The Competition Commission has approved the proposed transaction whereby steelmaker Trident Steel subsidiary Trident Steel Africa (TSA) intends to acquire Aveng subsidiary Aveng Trident Steel (ATS), with conditions.
The commission says it is of the view that the proposed transaction is unlikely to substantially lessen or prevent competition in the steel processing market within South Africa.
However, to promote the greater spread of ownership, the merging parties have agreed to implement a transformation initiative within 12 months of the implementation date.

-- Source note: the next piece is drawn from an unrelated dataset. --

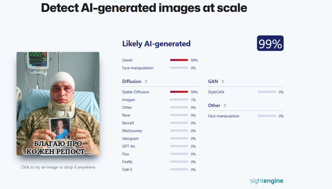 Крім того, російські медіа поширюють фото буцімто пораненого солдата ЗСУ, який начебто лежить у шпиталі та тримає в руках фото своєї дружини. У дописі до картинки стверджується, що він хоче її повернути, але вона пішла через домашнє насильство зі сторони військового.

TSA is involved in the provision of professional transaction and corporate advisory and related services; the manufacture and supply of recreational watercraft; the supply of building products and materials to professional contractors within the agricultural and residential building markets; the manufacture and distribution of on-and off-road utility terrain vehicles and power sport vehicles; the provision of property development and management services; as well as the provision of services to designers and homeowners in the custom and luxury home interior market.
ATS is a wholly owned subsidiary of Aveng – a steel service centre business that provides steel processing and related services, including platework such as laser, plasma and oxy gas cutting, structural steelwork, coil processing, tube laser cutting, and other services.
Through these operations, ATS produces automotive blanks, special steel, structural and plate steel, as well as pipe and tube steel products. The majority of ATS’ services are provided to the automotive sector, primarily to original-equipment manufacturers.
Outside of the automotive sector, ATS provides steel processing services to produce steel products to the specifications of customers in the rail, mining, energy and engineering sectors.